How do I convert an HTML table into JSON in Logic Apps

Solution 1:

I hope I'm on the right track but this code below (although quite specific to your use case) will read the HTML table and return a JSON representation of the data.

Just create a new Azure Function in .NET called ConvertHtmlTableToJson and paste it in.

#r "Newtonsoft.Json"

using System.Net;
using Microsoft.AspNetCore.Mvc;
using Microsoft.Extensions.Primitives;
using System.Collections.Generic;
using Newtonsoft.Json;
using System.Xml;

public static async Task<IActionResult> Run(HttpRequest req, ILogger log)
{
    var outputTable = new List<List<String>>();

    string requestBody = String.Empty;

    using (StreamReader streamReader = new StreamReader(req.Body))
    {
        requestBody = await streamReader.ReadToEndAsync();
    }

    dynamic data = JsonConvert.DeserializeObject(requestBody);
    string xmlString = System.Text.Encoding.UTF8.GetString(Convert.FromBase64String((string)data?.Content));;

    var xmlDocument = new XmlDocument();
    xmlDocument.LoadXml(xmlString);

    // Get the rows
    var xmlRows = xmlDocument.DocumentElement.SelectNodes("//tr");

    foreach (XmlNode xmlRow in xmlRows)
    {
        // Now get the columns.
        var xmlColumns = xmlRow.SelectNodes(".//td");
        var row = new List<string>();

        foreach (XmlNode xmlColumn in xmlColumns)
        {
            var value = xmlColumn.SelectSingleNode(".//span[@class='value']");

            if (value != null)
                row.Add(value.InnerText);
        }

        if (row.Count > 0)
            outputTable.Add(row);
    }
   
    return new OkObjectResult(outputTable);
}

It accepts a Base64 string that is the HTML data you provided in your example.

A few things to note ...

  • It's hardcoded to look for span elements with an attribute of class="value", that's in line with the email you receive and the HTML you provided.
  • It doesn't check for imbalanced columns, i.e. if a row is missing a value, you may get two columns for one row and three columns for another.
  • Headers are ignored because it only searches within the td elements where there's a span element with the attribute criteria as specified in the first point.
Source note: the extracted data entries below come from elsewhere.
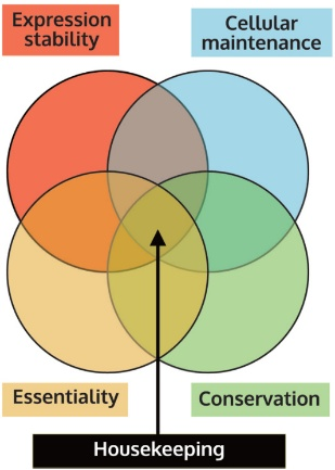 图注:严格来说,一个基因需同时满足四大核心属性,才能被定义为管家基因:表达稳定性(红)、细胞维持功能(蓝)、进化保守性(绿)和基因必需性(黄)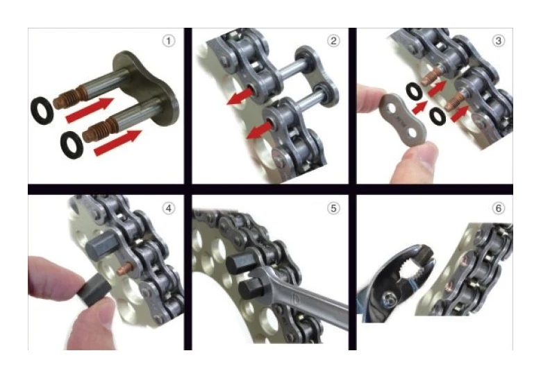 Included is a patented screw type master link which requires no special tools to install and provides a rivet-like fit.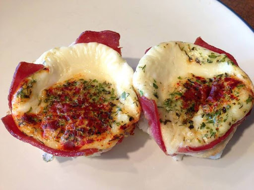 Line muffin tin with parchment paper and cut bacon slices in 1/2. Criss cross bacon (1 slice per cup). Bake for about 6-8 min to let the bacon get a little crisp.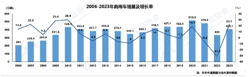 2023年,商用車產(chǎn)銷累計(jì)完成403.7萬輛和403.1萬輛,產(chǎn)銷重回400萬輛,同比分別增長26.8%和22.1%。在商用車主要品種中,與上一年度相比,客車、貨車產(chǎn)銷均呈兩位數(shù)明顯增長。在貨車主要品種中,與上一年度相比,四大類貨車品種產(chǎn)銷均呈兩位數(shù)增長,其中重型貨車產(chǎn)銷增速更為顯著。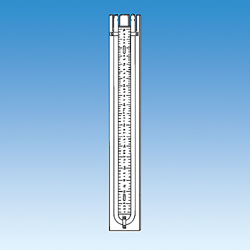 With standard U shape gauge made of heavy barometer tubing and mounted on a wooden panel for vertical suspension. The scale is adjustable and accurately calibrated. Supplied with scale and tubes, but without mercury.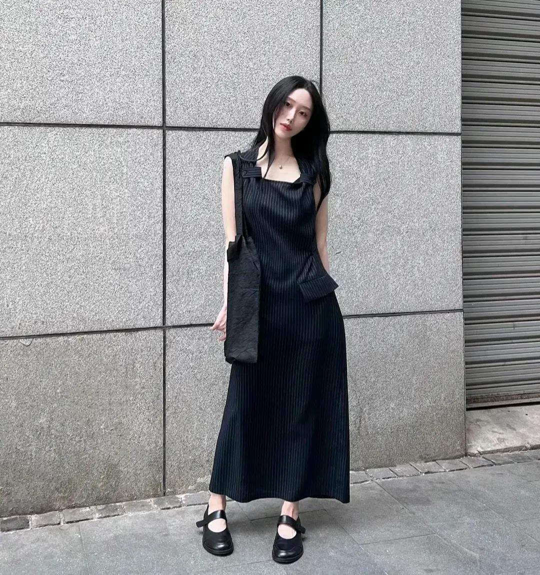 小黑裙真的是永遠都不會過時啊,況且這個顏色很百搭,也能讓你在視覺上呈現出瘦身的效果。無袖的款式,穿起來也太清涼了,還帶着小性感,直筒的裙身,也太藏肉了,腳下踩着一雙黑色瑪麗珍鞋,與裙子形成一致,和諧又高級!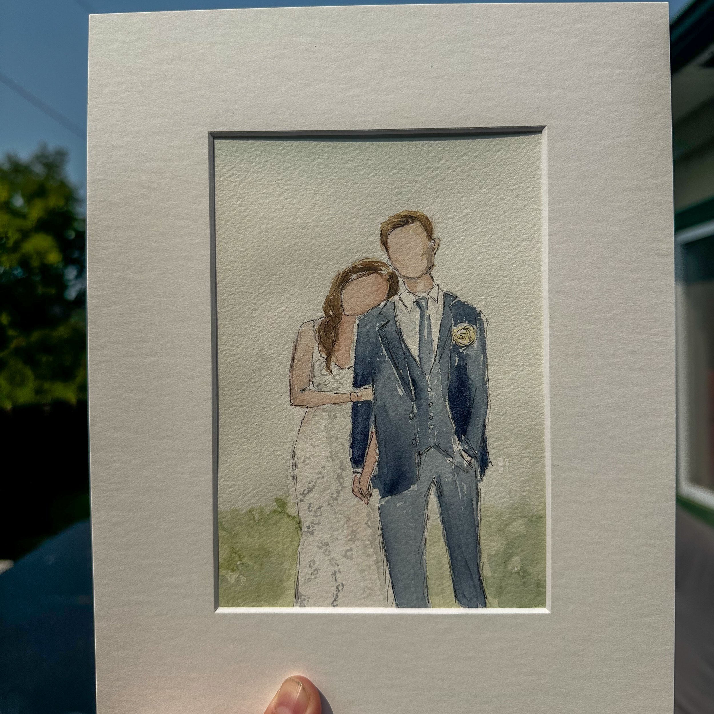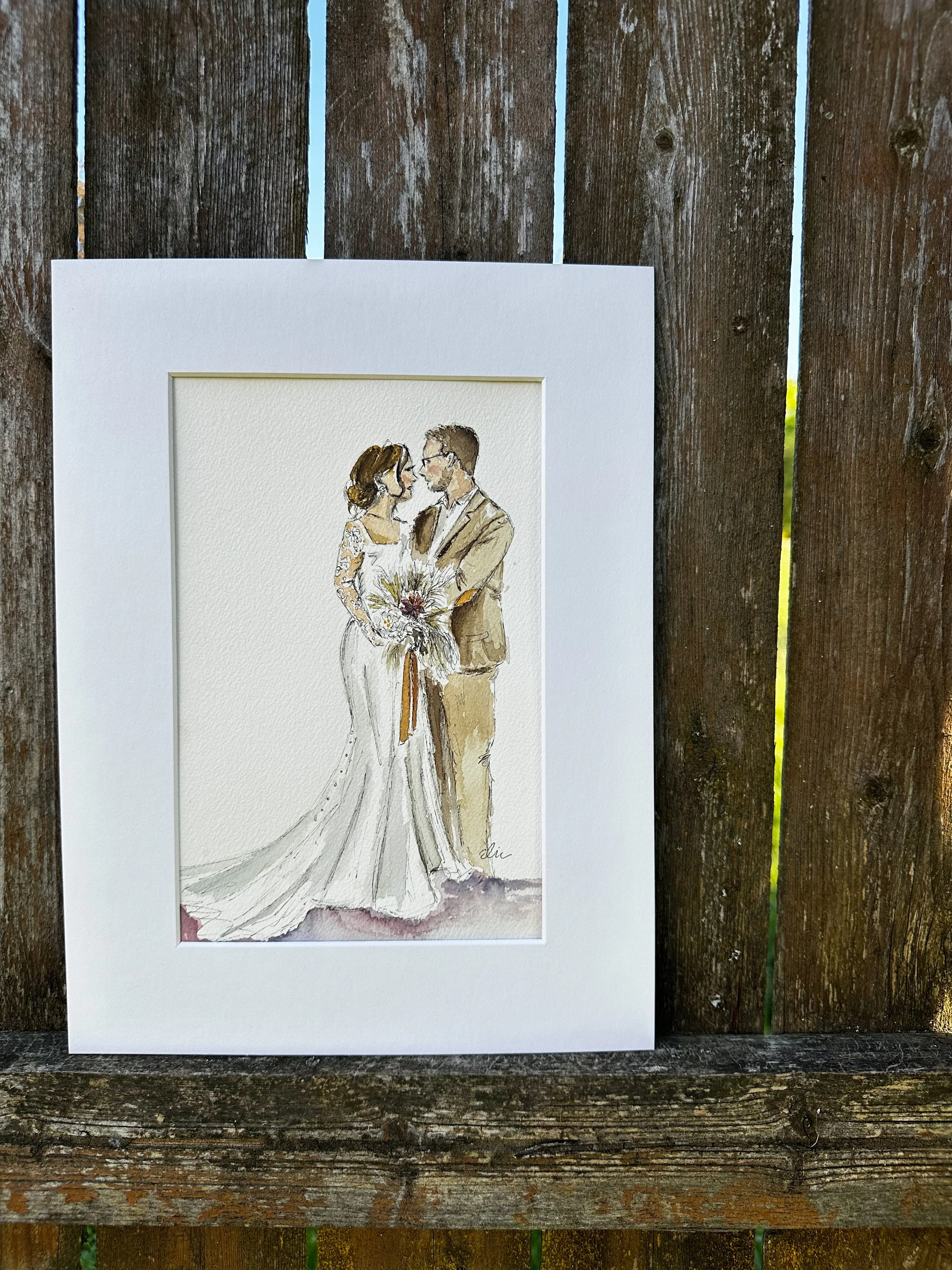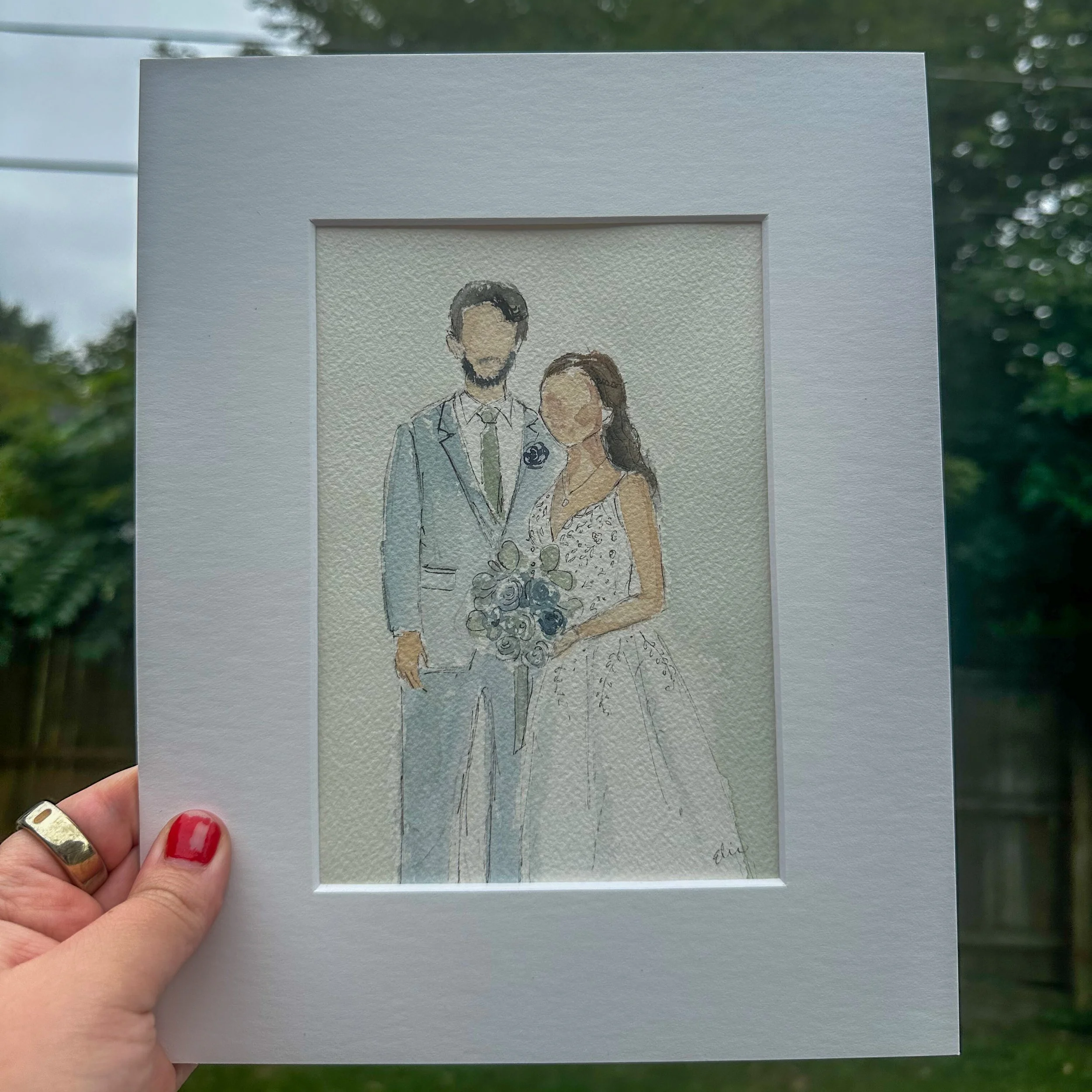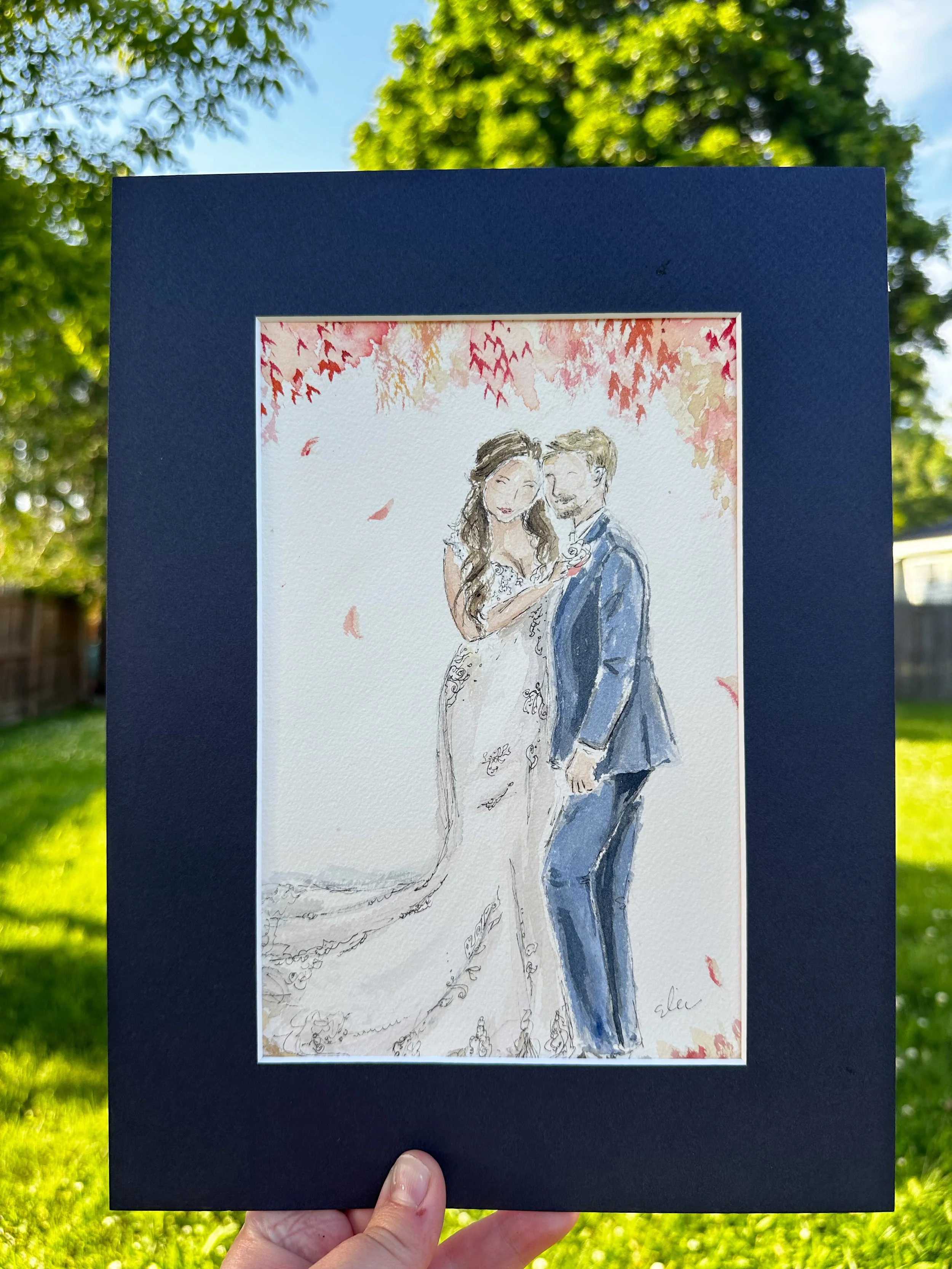 Create a meaningful memory of a joyful occasion with a custom watercolor wedding portrait. Painted on 100% cotton cold pressed paper, this original art piece arrives matted and ready for you to frame and display.

As long as your email stays the same and you pass in the same structure that you provided as an example, this will extract the data for you. Beyond that, it would need to be enhanced.

From there, you should be able to use the 2D array it returns to load your data to your Excel table.

This is how I represented it in LogicApps ...

HTML Variable

HTML Variable

This is the body in the request ...

{
  "Content": "@{base64(variables('HTML'))}"
}

Result

Result

[
  [
    "G-TEL FOR ENBRIDGE GAS (LEGACY UNION GAS) (ENOW01)",
    "ENOW01",
    "Notification sent"
  ],
  [
    "CITY OF STRATFORD (STRATWS01)",
    "STRATWS01",
    "Notification sent"
  ],
  [
    "FESTIVAL HYDRO (LOCAL HYDRO) (FESTH01)",
    "FESTH01",
    "Notification sent"
  ],
  [
    "WIGHTMAN TELECOM - FIBRE - LIMITED (WT01)",
    "WT01",
    "Notification sent"
  ],
  [
    "CLI FOR ROGERS (ROGWAT01)",
    "ROGWAT01",
    "Cleared"
  ],
  [
    "G-TEL FOR BELL CANADA (BCOW01)",
    "BCOW01",
    "Notification sent"
  ]
]